Terminou ontem o julgamento de um caso criminal por excelência, daqueles que insuflam amores e ódios, que causam excitação pela concretização de certezas pré-concebidas e também horror por impor verdades que alguns (ou muitos) jamais aceitarão.

Desde que Roberto Jefferson afirmou a existência de um sistema da compra de votos no Congresso Nacional, articulado e proposto pelo Executivo (então de mandato recente do Partido dos Trabalhadores), o furor se instalou.

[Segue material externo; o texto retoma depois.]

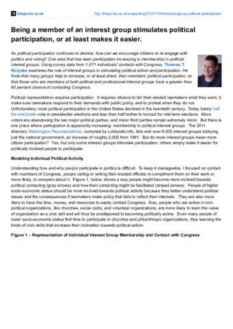 As political participation continues to decline, how can we encourage citizens to re-engage with politics and voting? One area that has seen participation increasing is membership in political interest groups. Using survey data from 1,071 individuals’ contacts with Congress, Thomas T. Holyoke examines the role of interest groups in stimulating political action and participation. He finds that many groups help to increase, or at least direct, their members’ political participation, so that those who are members of both political and professional interest groups have a greater than 60 percent chance of contacting Congress.
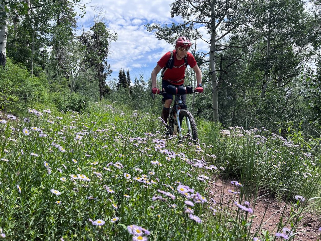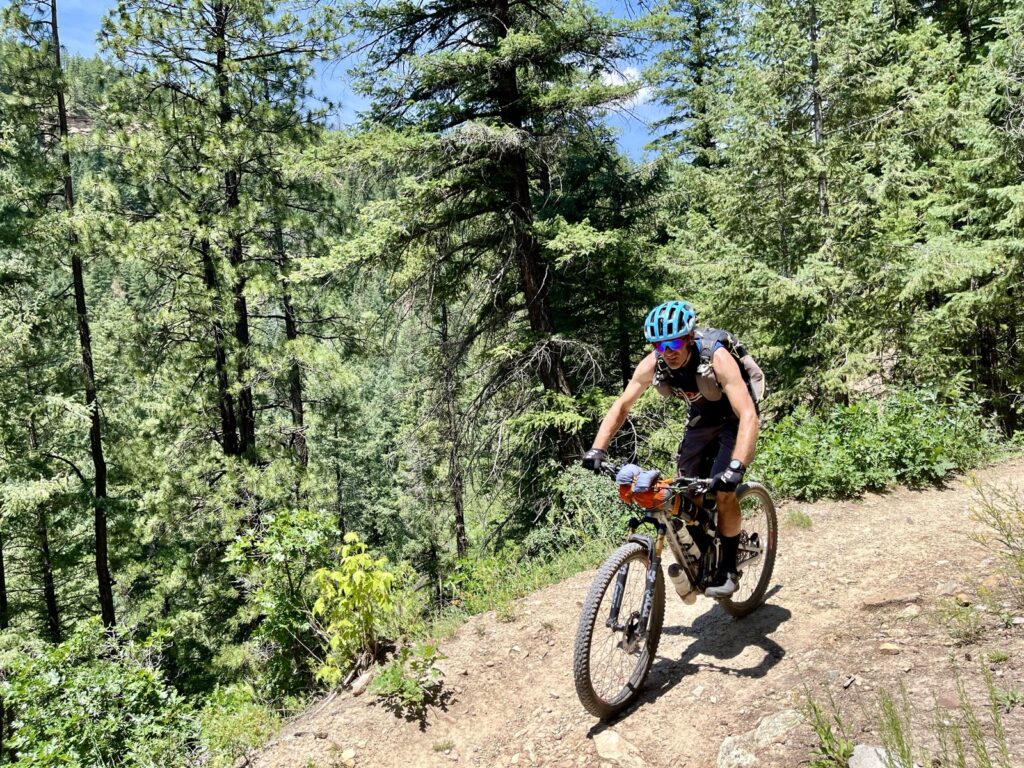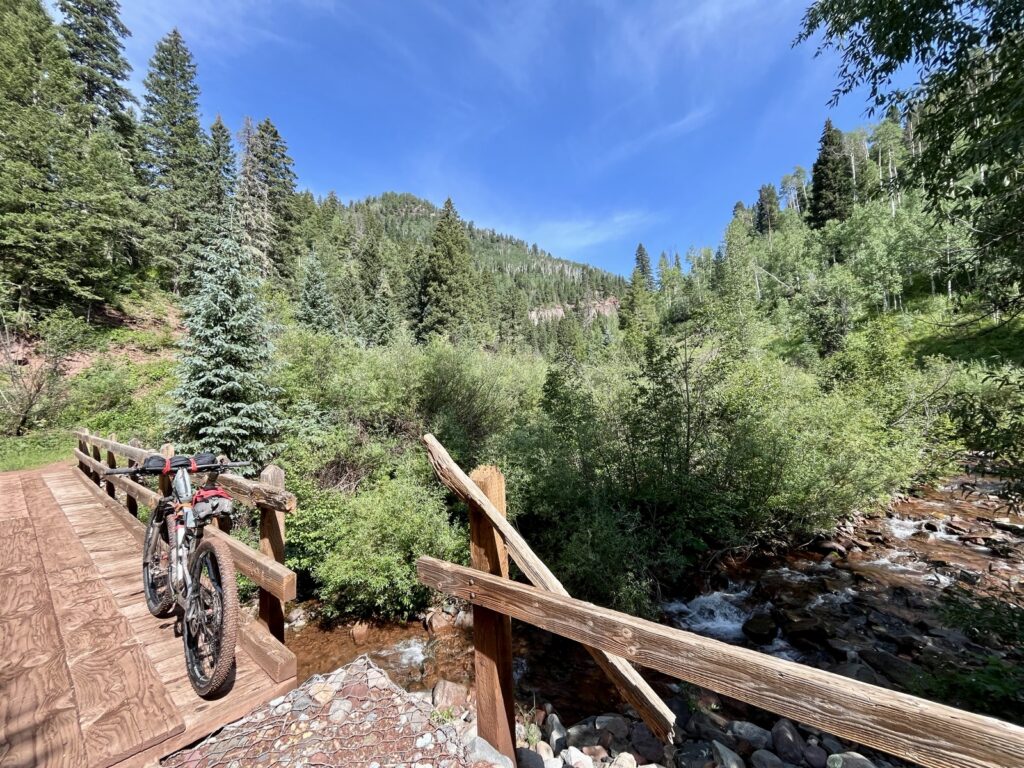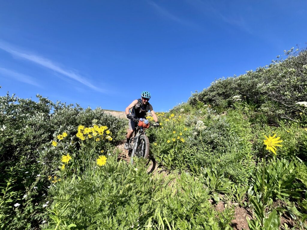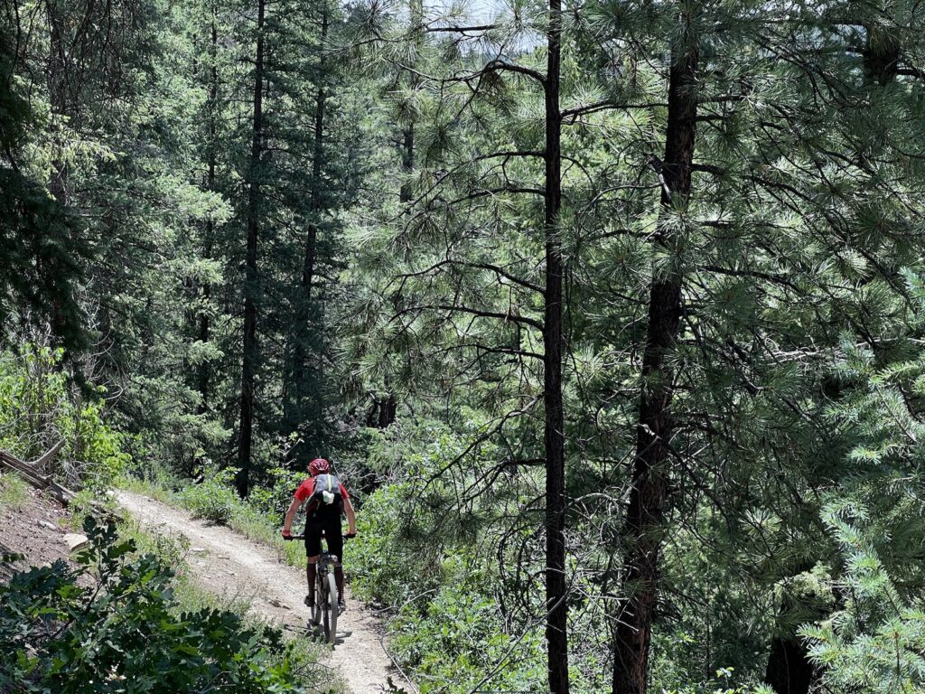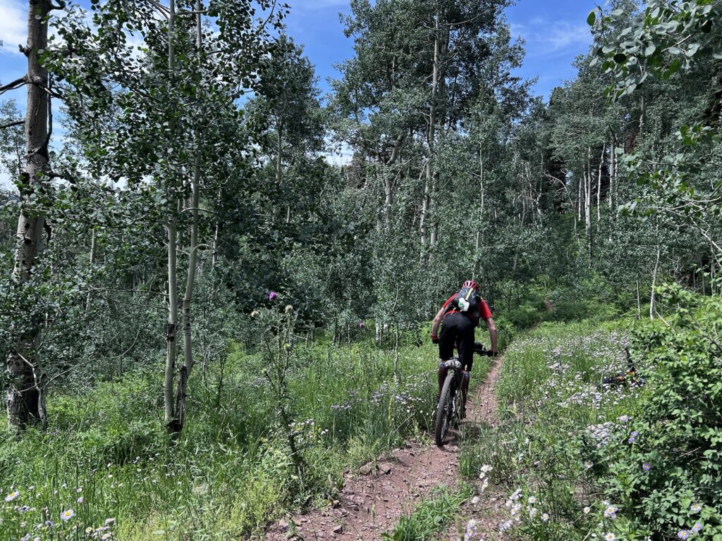 Wir folgten weiter dem spassigen Trail hinunter in eine Schlucht. Zum Glück hatten wir gutes digitales Kartenmaterial und wussten, dass uns noch ein happiger Aufstieg bevorstand. Doch vorerst ging es kilometerlang durch dichtes, feuchtes und mannshohes Grünzeugs dem Bach entlang bergab. Für solche Dschungel-Bedingungen ist Colorado wahrlich nicht bekannt!
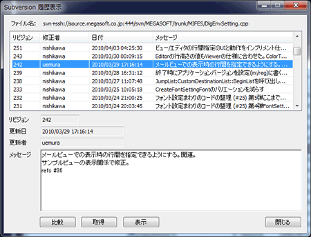 これから編集するファイルの更新/チェックアウトや、編集後のコミット/チェックインの操作がMIFESからできるようになります。

O maior rival do PT, o PSDB, acusou-o de despreparo na governança e de hipocrisia, já que fora o PT o maior ativista pela moralidade da vida pública no Brasil enquanto era oposição ao governo do PSDB.

 

Os críticos de processos judiciais que não leram todo o processo são tão capazes quanto os críticos literários que não leem os livros que criticam

O PT e seus simpatizantes contra-atacaram politicamente, afirmando que tal esquema se iniciara no mandato de Fernando Henrique Cardoso com a PEC [proposta de emenda à constituição] da reeleição. Relembraram a alcunha do procurador-geral da República Aristides Junqueira, que em gracejo era chamado de “engavetador-geral” da República, exatamente por não ter prosseguido qualquer investigação sobre aqueles supostos fatos. Mais tarde Aristides Junqueira afirmaria que o mensalão do PT também não existiu. Posição equivocada, segundo o STF. Também teria se equivocado lá atrás?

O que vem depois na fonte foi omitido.